(Records to use begins)

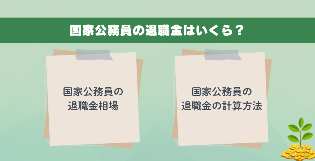 国家公務員の退職手当(退職金)は「国家公務員退職手当法」に定められており、「基本額(退職日の俸給月額×退職理由別・勤続期間別支給率)+調整額」で計算されている。
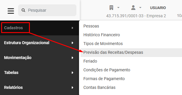 Para realizar o Cadastro de Previsão das Receitas e Despesas acesse o menu Cadastros>Previsão das Receitas e Despesas
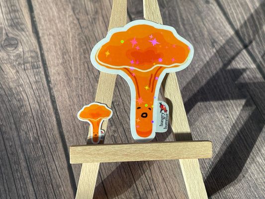 Golden Chanterelle Mushroom Sticker | Holographic Set of 1 Big & 1 Mini Shiny Stickers | Mycology Fungi Biologist Gifts Ecology Nature
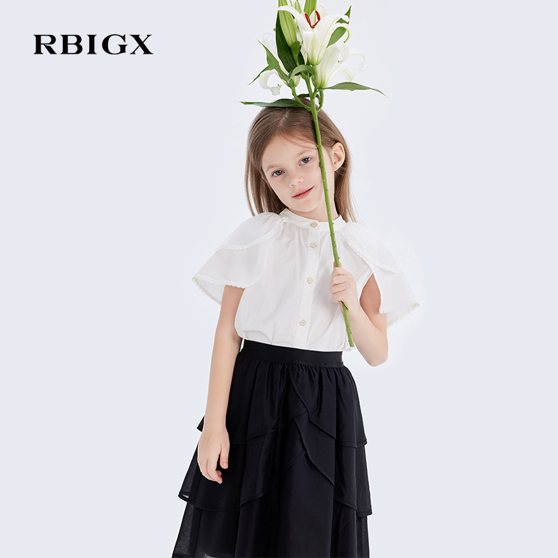 RBIGX瑞比克童裝2025夏季新款兒童寬松優雅女童短袖襯衫
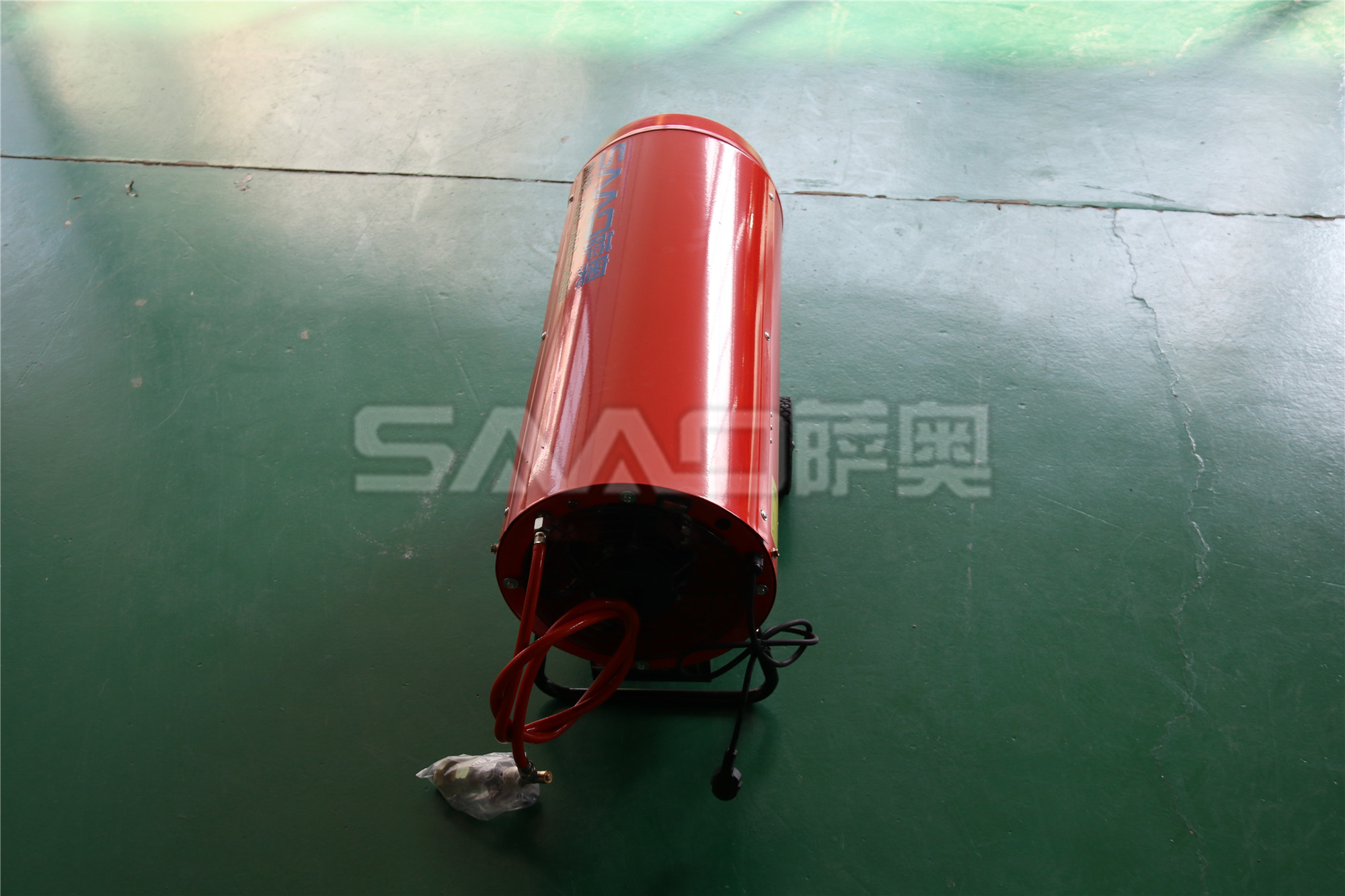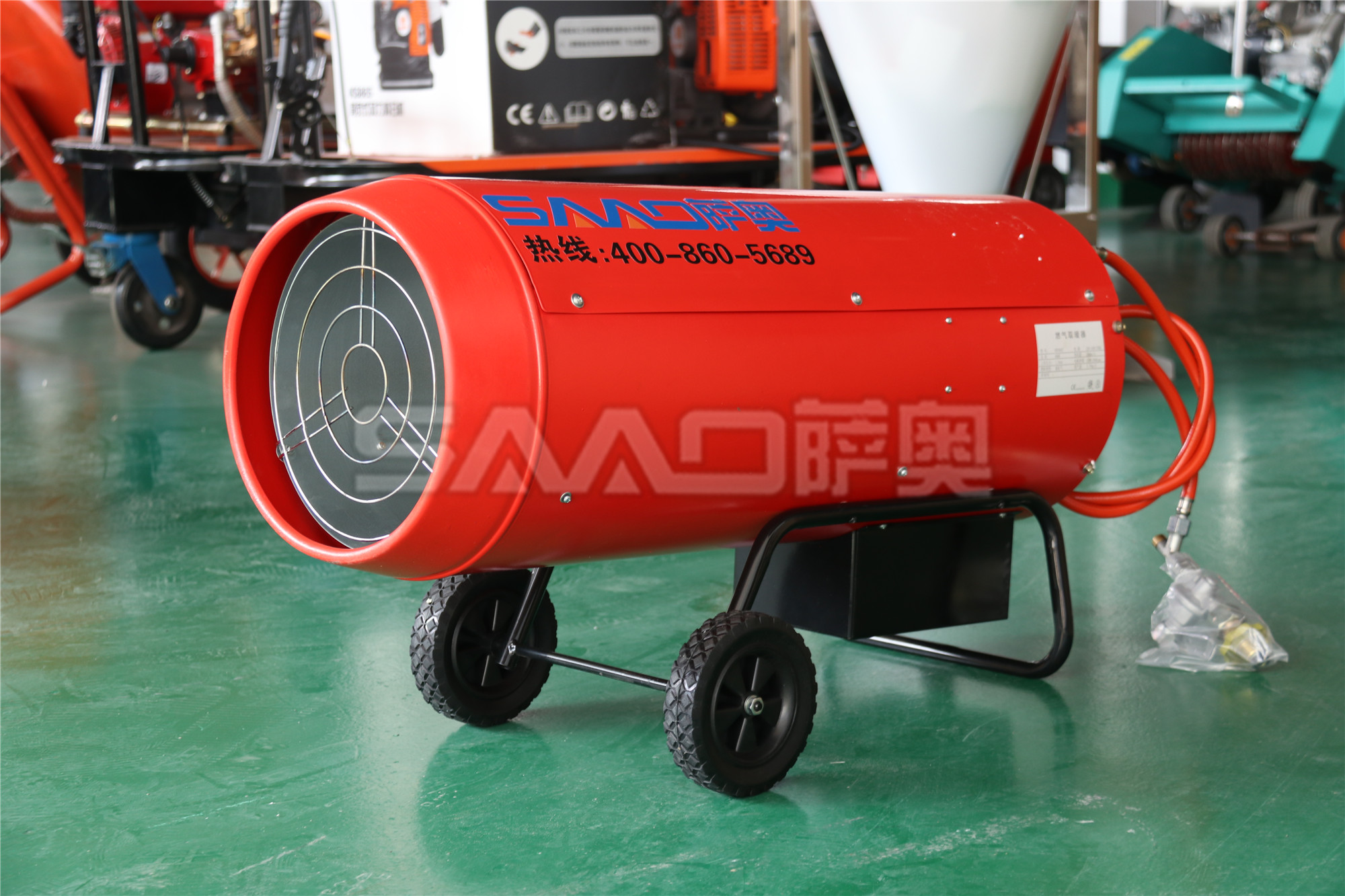 暖風(fēng)機(jī)是一種能量轉(zhuǎn)換設(shè)備,向暖風(fēng)機(jī)中輸入的能量有燃料中的化學(xué)能、電能、高溫?zé)煔獾臒崮艿刃问剑?jīng)過暖風(fēng)機(jī)轉(zhuǎn)換,向外輸出具有一定熱能的暖風(fēng)、熱風(fēng)、高溫空氣。暖風(fēng)機(jī)包括燃燒系統(tǒng)和風(fēng)機(jī)兩大部分,燃燒系統(tǒng)產(chǎn)生巨大的熱量然后由風(fēng)機(jī)往外吹出熱量。暖風(fēng)機(jī)中產(chǎn)生的熱風(fēng)可直接為工業(yè)生產(chǎn)和人民生活提供所需熱能或暖氣,大型暖風(fēng)機(jī)主要用于工業(yè),小型暖風(fēng)機(jī)主要用于生活。薩奧速熱暖風(fēng)機(jī)專業(yè)取暖13年。4大核心技術(shù)改寫冬季體驗德國工藝,十秒速熱,自動恒溫,過熱保護(hù)。公司產(chǎn)品主要應(yīng)用于大型廠房采暖、裝潢施工、建筑工地水泥養(yǎng)生、畜牧養(yǎng)殖場、體育場館、戶外運(yùn)動、影視拍攝、野外作業(yè)、倉庫機(jī)庫、展廳展館,供水、電力、電信行業(yè)冬季搶修施工、機(jī)械設(shè)備防凍解凍等場所的取暖、加熱、保溫、防凍、烘干、干燥及通風(fēng)型號:snf-70a功率:70kw電壓:220-240v︿50hz輸出熱量:238850電機(jī)功率:430w輸出空氣:1300m3/h供暖面積:500㎡燃料消耗:5.8kg/h郵箱容積:69l凈重:40kg毛重:44.5kg產(chǎn)品尺寸:1120×570×706mm包裝尺寸:1110×506×680mm燃油暖風(fēng)機(jī)特點(diǎn):直燃熱風(fēng)機(jī),沒有煙囪;燃料為柴油或者煤油;氣體霧化燃燒器;不銹鋼燃燒室?guī)в凶詣永鋮s裝置;電子火焰監(jiān)控;全自動電子安 全控制裝置。薩奧品質(zhì)值得信賴。一年質(zhì)保,終身售后維修,選擇薩奧,選擇領(lǐng)先!

(Records to use ends)

◆ **What is expected**
Give the data above again, exactly, with every picture removed.

◆ **Response to the exercise**
 国家公務員の退職手当(退職金)は「国家公務員退職手当法」に定められており、「基本額(退職日の俸給月額×退職理由別・勤続期間別支給率)+調整額」で計算されている。
 Para realizar o Cadastro de Previsão das Receitas e Despesas acesse o menu Cadastros>Previsão das Receitas e Despesas
 Golden Chanterelle Mushroom Sticker | Holographic Set of 1 Big & 1 Mini Shiny Stickers | Mycology Fungi Biologist Gifts Ecology Nature
 RBIGX瑞比克童裝2025夏季新款兒童寬松優雅女童短袖襯衫
 暖風(fēng)機(jī)是一種能量轉(zhuǎn)換設(shè)備,向暖風(fēng)機(jī)中輸入的能量有燃料中的化學(xué)能、電能、高溫?zé)煔獾臒崮艿刃问剑?jīng)過暖風(fēng)機(jī)轉(zhuǎn)換,向外輸出具有一定熱能的暖風(fēng)、熱風(fēng)、高溫空氣。暖風(fēng)機(jī)包括燃燒系統(tǒng)和風(fēng)機(jī)兩大部分,燃燒系統(tǒng)產(chǎn)生巨大的熱量然后由風(fēng)機(jī)往外吹出熱量。暖風(fēng)機(jī)中產(chǎn)生的熱風(fēng)可直接為工業(yè)生產(chǎn)和人民生活提供所需熱能或暖氣,大型暖風(fēng)機(jī)主要用于工業(yè),小型暖風(fēng)機(jī)主要用于生活。薩奧速熱暖風(fēng)機(jī)專業(yè)取暖13年。4大核心技術(shù)改寫冬季體驗德國工藝,十秒速熱,自動恒溫,過熱保護(hù)。公司產(chǎn)品主要應(yīng)用于大型廠房采暖、裝潢施工、建筑工地水泥養(yǎng)生、畜牧養(yǎng)殖場、體育場館、戶外運(yùn)動、影視拍攝、野外作業(yè)、倉庫機(jī)庫、展廳展館,供水、電力、電信行業(yè)冬季搶修施工、機(jī)械設(shè)備防凍解凍等場所的取暖、加熱、保溫、防凍、烘干、干燥及通風(fēng)型號:snf-70a功率:70kw電壓:220-240v︿50hz輸出熱量:238850電機(jī)功率:430w輸出空氣:1300m3/h供暖面積:500㎡燃料消耗:5.8kg/h郵箱容積:69l凈重:40kg毛重:44.5kg產(chǎn)品尺寸:1120×570×706mm包裝尺寸:1110×506×680mm燃油暖風(fēng)機(jī)特點(diǎn):直燃熱風(fēng)機(jī),沒有煙囪;燃料為柴油或者煤油;氣體霧化燃燒器;不銹鋼燃燒室?guī)в凶詣永鋮s裝置;電子火焰監(jiān)控;全自動電子安 全控制裝置。薩奧品質(zhì)值得信賴。一年質(zhì)保,終身售后維修,選擇薩奧,選擇領(lǐng)先!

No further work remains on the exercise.